最初は10分の短編を撮るはずがどんどん長くなり、2週間で撮ったとか。
パッとしない役者の主人公が、同棲相手から愛想をつかされ、もう一人の彼女ともケンカ。疲れ果てて眠ると、夢の中にテロリストの自分が出て来ます。その夢から醒めると、取調室で詰問されている自分が…。もちろんこれも夢。悪夢から逃れようと、同窓会話きっかけに実家へ帰ろうとするのですが、その電車の中でも繰り返し悪夢に悩まされます。いったい、どれが夢でどれが現実なのか…。
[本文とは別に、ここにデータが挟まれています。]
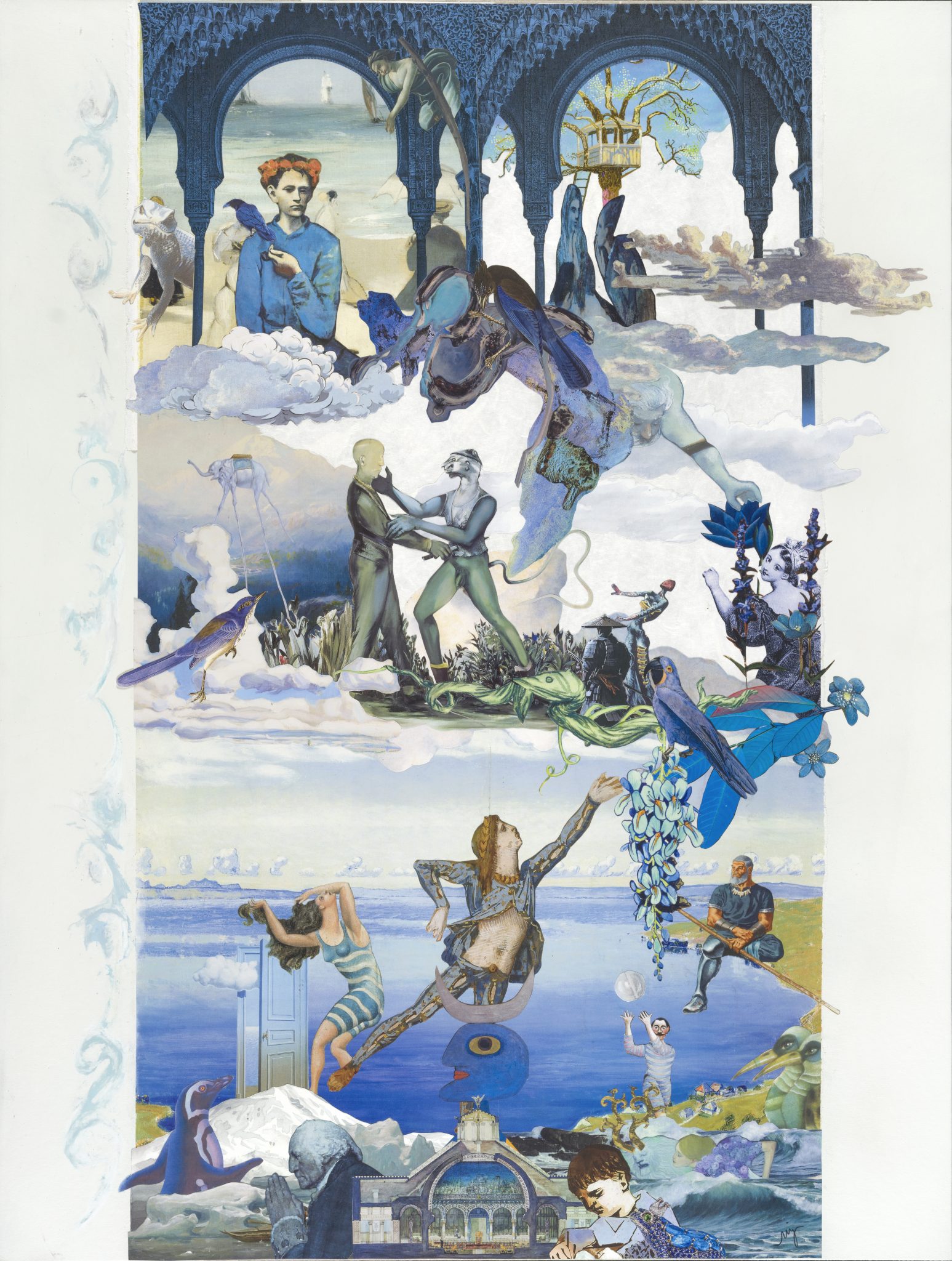 Dans la partie inférieure, un plan architectural rappelle celui du premier portrait. Cette fois, il est coloré et foisonne de vie. Il évoque un édifice religieux, impression renforcée par la présence de trois figures qui peuvent symboliser le Père, le Fils et le Saint-Esprit. Le triangle formé par ces figures renvoie aussi à l’unité parfaite du schéma thèse–antithèse–synthèse. Cette forme triangulaire se retrouve ailleurs dans le tableau, notamment dans la disposition des trois oiseaux bleus centraux et dans les bras tendus des personnages, symboles d’un équilibre atteint.

ほとんど園子温監督と主役の田中哲司で作っていったらしく、見ながらついていくのがけっこう大変。(^o^)
懐かしい同級生が久々に顔を合わせて立ち話するところは、全部アドリブだそう。オダギリジョーと村上淳と3人で、本当にそこらのにいちゃんの会話をしています。
市川実和子といい、岩松了、麿赤児、温水洋一などひと癖もふた癖もある個性派俳優がずらり。体力がある時に見るのをお薦めします。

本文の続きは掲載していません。